ケロケロみん

妻は告白するのケロケロみんのレビュー・感想・評価

妻は告白する(1961年製作の映画)
4.5
大学教授滝川とその妻彩子と出入りの製薬会社の若い社員幸田が山で遭難した。1番上の幸田は必死にザイルをたぐる。しかし彩子はザイルを切り滝川は転落死した。滝川の死は故意の殺人か、やむを得ない「緊急避難」に当たるのか?

誰かを見捨てて自分が助かるのは卑劣。夫婦なら例え助からなくても最後まで2人で頑張るべき。分不相応な額の保険金目当て?幸田に恋するあまり邪魔な夫を殺したのか?非難ごうごうの中裁判が始まる。
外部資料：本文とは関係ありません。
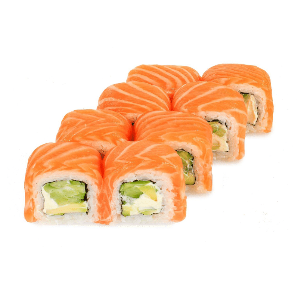 Лосось, рис, нори, огурец, авокадо, сыр сливочный (соевый соус, имбирь и васаби в комплекте) *Внешний вид блюда может отличаться от картинки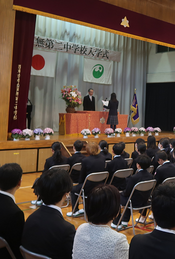 生憎の天候となりましたが、新しく127名の新入生を迎えて入学式を実施しました。今回はコロナ禍前に戻って在校生と一緒の入学式、来賓も多く参加していただいた入学式となりました。入学式、新入生の様子をご紹介いたします。

増村監督は若尾文子をいじめるのがうますぎるし若尾文子はいじめられるのが似合いすぎる。後頭部の薄い、加齢臭漂う汗まみれの中年男がのしかかってきたところは本気で気持ち悪かった。ガマガエルと結婚させられそうになる親指姫のよう。

夫の差し向けた女中も陰気で下品で嫌な目つきで若尾文子を舐め回すように見る。

一番嫌らしいいじめ方は裁判での事故再現シーン。縄で胸のすぐ下あたりを縛られうつむく若尾文子。時折状況説明のため検察が縄を引っぱる。すると彩子がピクッとする。思わず手を叩きもっといじめろ!と言いたくなる。

転がり落ちるようにエピソードが加速するラスト。終始手を抜かず嬲り続け白くつるりとした首がナヨナヨとしなる。女の私でも鼻血出そうです。